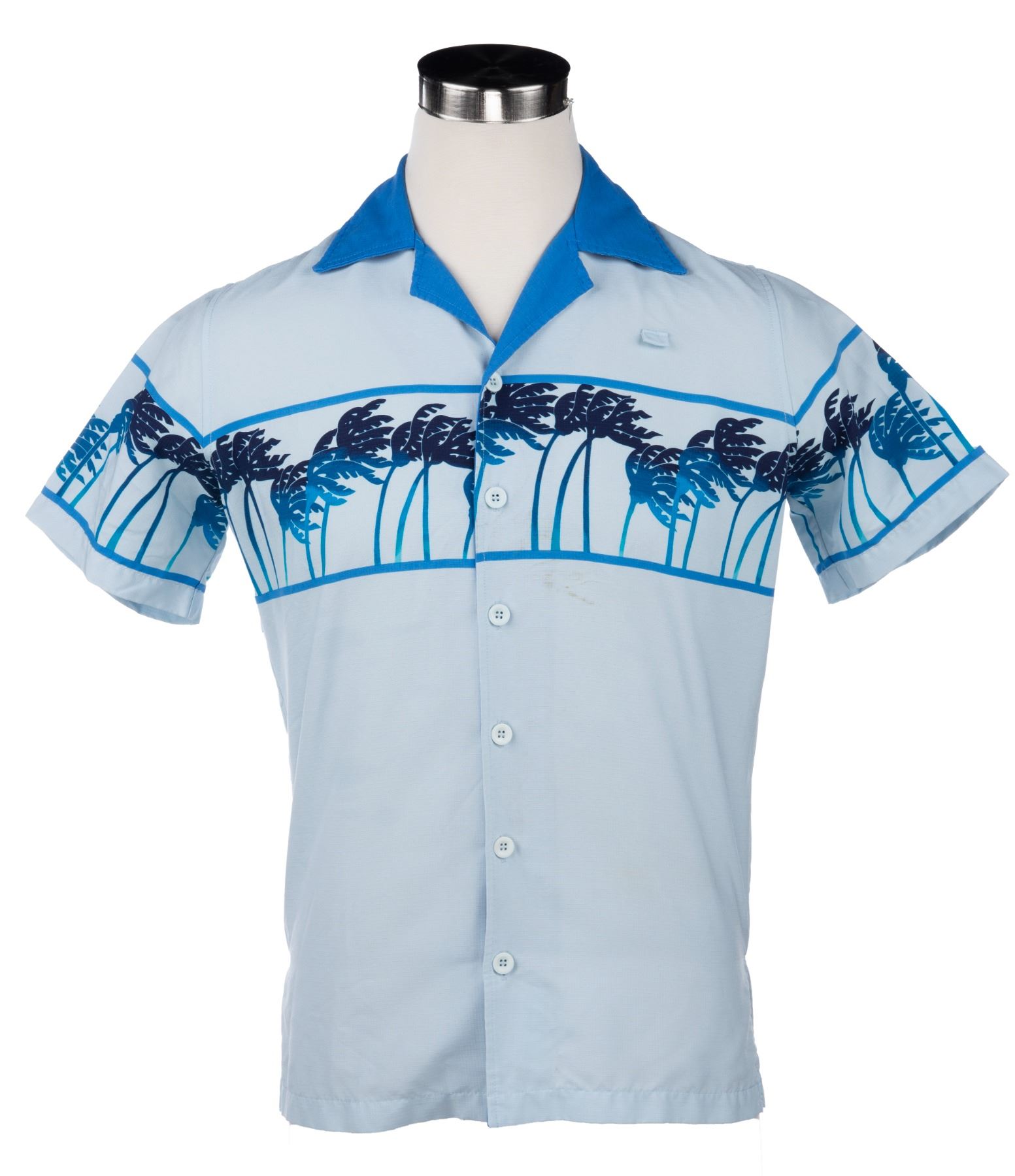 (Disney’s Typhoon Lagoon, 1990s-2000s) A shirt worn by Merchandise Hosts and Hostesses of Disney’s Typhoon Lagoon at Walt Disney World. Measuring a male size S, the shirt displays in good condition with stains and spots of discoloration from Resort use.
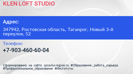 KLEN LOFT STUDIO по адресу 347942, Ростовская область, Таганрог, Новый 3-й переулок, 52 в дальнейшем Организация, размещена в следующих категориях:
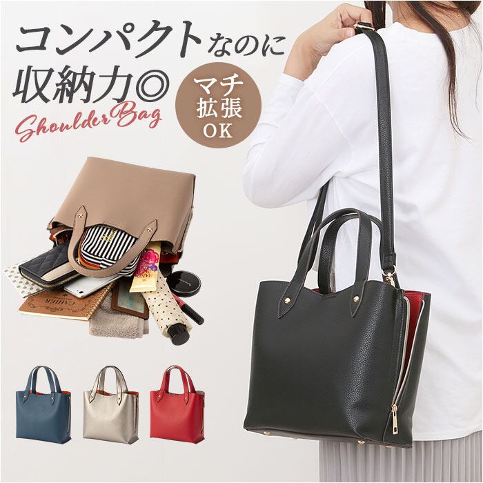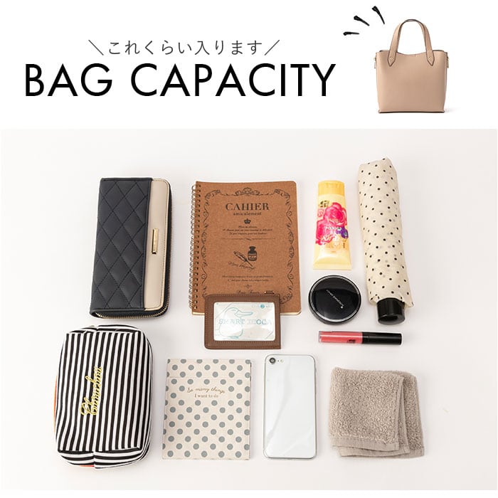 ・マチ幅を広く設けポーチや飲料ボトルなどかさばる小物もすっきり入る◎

--

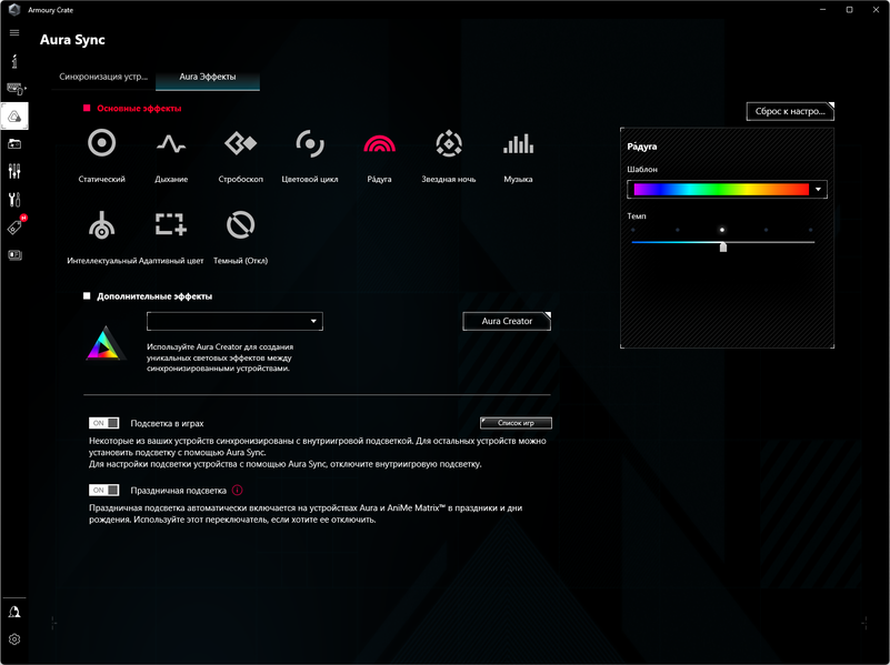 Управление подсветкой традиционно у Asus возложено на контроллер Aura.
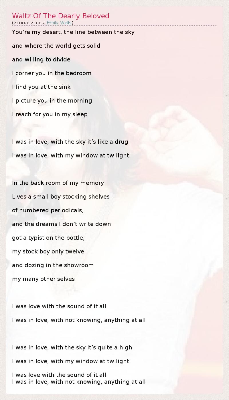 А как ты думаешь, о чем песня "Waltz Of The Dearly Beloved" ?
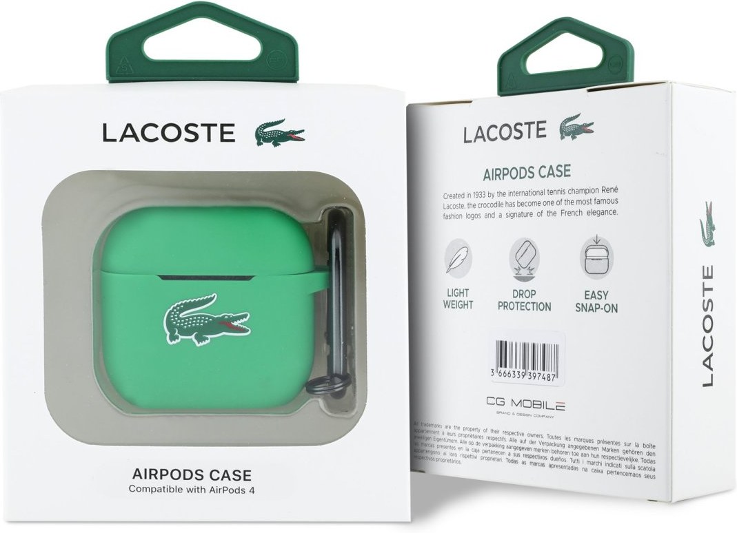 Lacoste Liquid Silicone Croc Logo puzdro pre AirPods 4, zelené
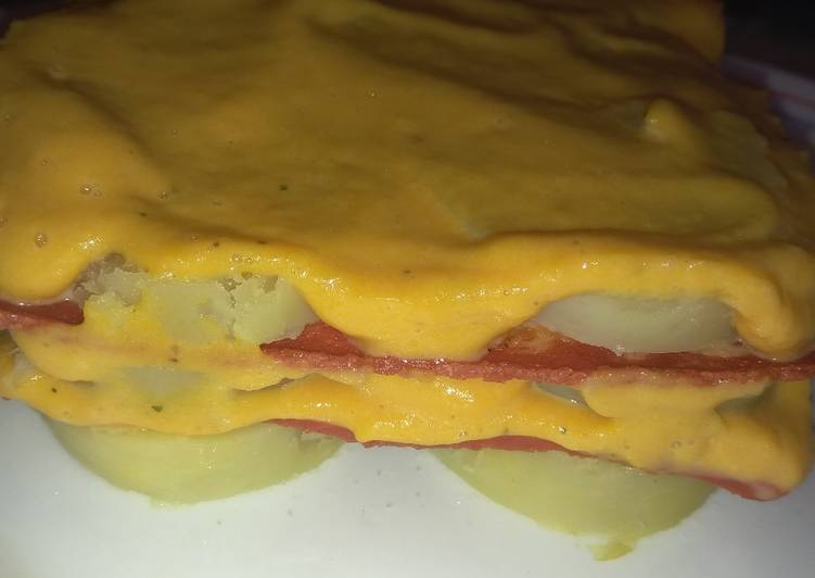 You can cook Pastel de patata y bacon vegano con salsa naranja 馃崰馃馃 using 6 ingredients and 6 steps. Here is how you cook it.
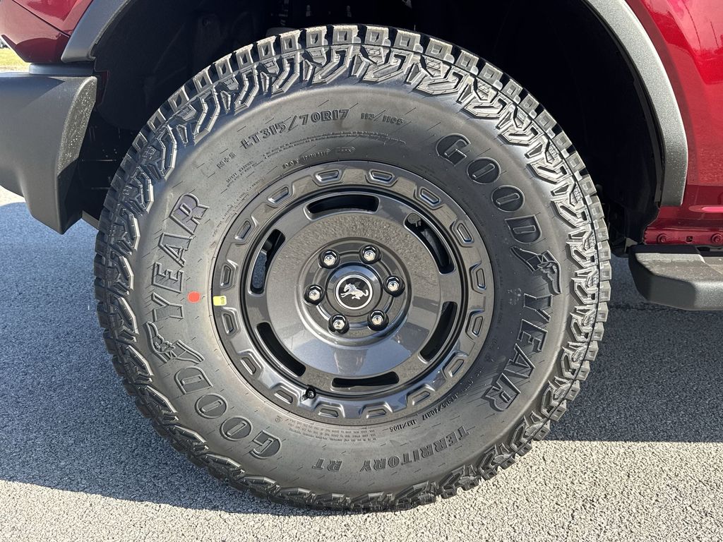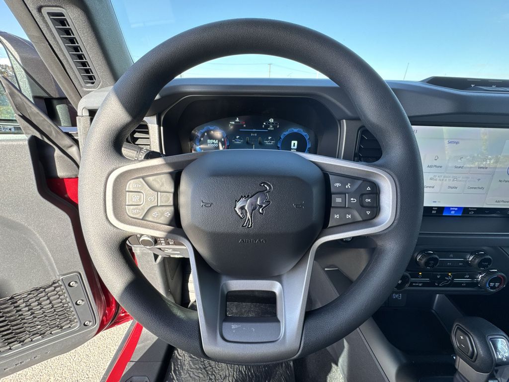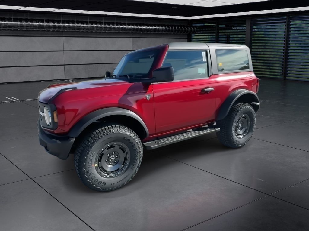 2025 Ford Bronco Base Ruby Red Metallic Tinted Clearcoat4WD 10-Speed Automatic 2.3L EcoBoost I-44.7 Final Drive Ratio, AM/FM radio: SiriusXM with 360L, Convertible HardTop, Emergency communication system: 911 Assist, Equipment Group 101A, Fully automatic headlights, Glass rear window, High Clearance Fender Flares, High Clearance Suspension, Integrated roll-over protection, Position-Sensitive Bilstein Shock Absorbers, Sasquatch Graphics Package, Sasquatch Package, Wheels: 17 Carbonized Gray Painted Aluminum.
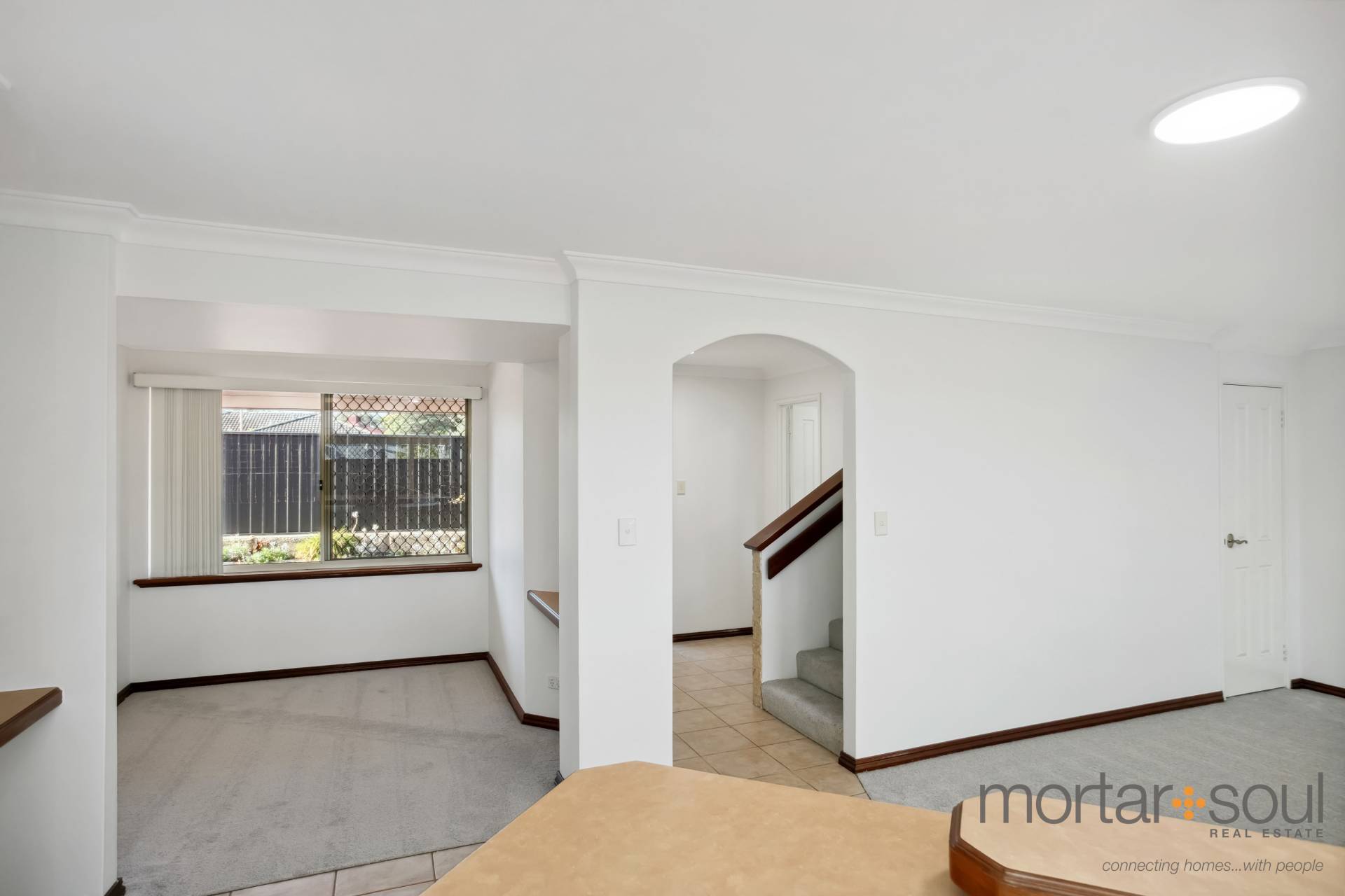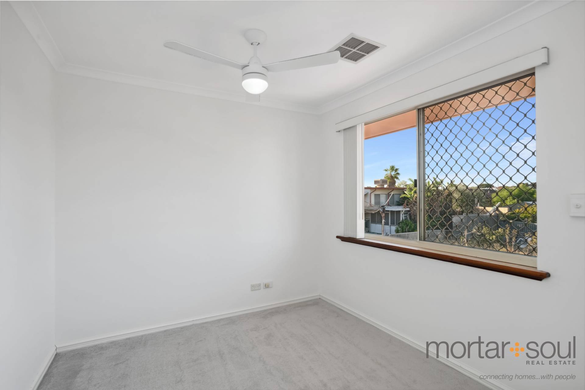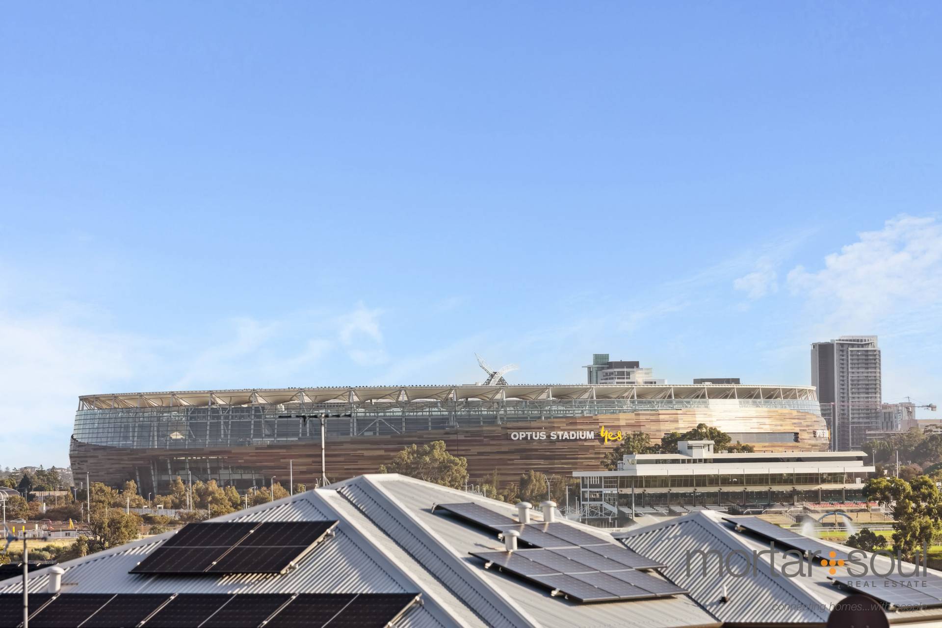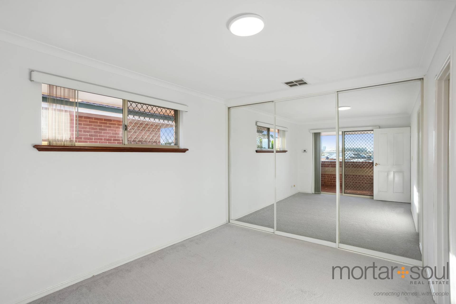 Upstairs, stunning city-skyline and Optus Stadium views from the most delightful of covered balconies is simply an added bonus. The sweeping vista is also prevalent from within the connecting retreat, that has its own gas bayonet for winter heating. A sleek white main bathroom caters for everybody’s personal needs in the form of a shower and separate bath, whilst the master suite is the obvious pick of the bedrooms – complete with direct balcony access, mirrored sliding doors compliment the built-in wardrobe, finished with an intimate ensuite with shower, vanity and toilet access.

What the task requires => Please repeat, exactly as written, the lines in the records above, starting with the one that has "You can cook" and going on through the one that has "Upstairs, stunning city-skyline". Pictures are to be left out.

Result for this exercise =>
 You can cook Pastel de patata y bacon vegano con salsa naranja 馃崰馃馃 using 6 ingredients and 6 steps. Here is how you cook it.
 2025 Ford Bronco Base Ruby Red Metallic Tinted Clearcoat4WD 10-Speed Automatic 2.3L EcoBoost I-44.7 Final Drive Ratio, AM/FM radio: SiriusXM with 360L, Convertible HardTop, Emergency communication system: 911 Assist, Equipment Group 101A, Fully automatic headlights, Glass rear window, High Clearance Fender Flares, High Clearance Suspension, Integrated roll-over protection, Position-Sensitive Bilstein Shock Absorbers, Sasquatch Graphics Package, Sasquatch Package, Wheels: 17 Carbonized Gray Painted Aluminum.
 Upstairs, stunning city-skyline and Optus Stadium views from the most delightful of covered balconies is simply an added bonus. The sweeping vista is also prevalent from within the connecting retreat, that has its own gas bayonet for winter heating. A sleek white main bathroom caters for everybody’s personal needs in the form of a shower and separate bath, whilst the master suite is the obvious pick of the bedrooms – complete with direct balcony access, mirrored sliding doors compliment the built-in wardrobe, finished with an intimate ensuite with shower, vanity and toilet access.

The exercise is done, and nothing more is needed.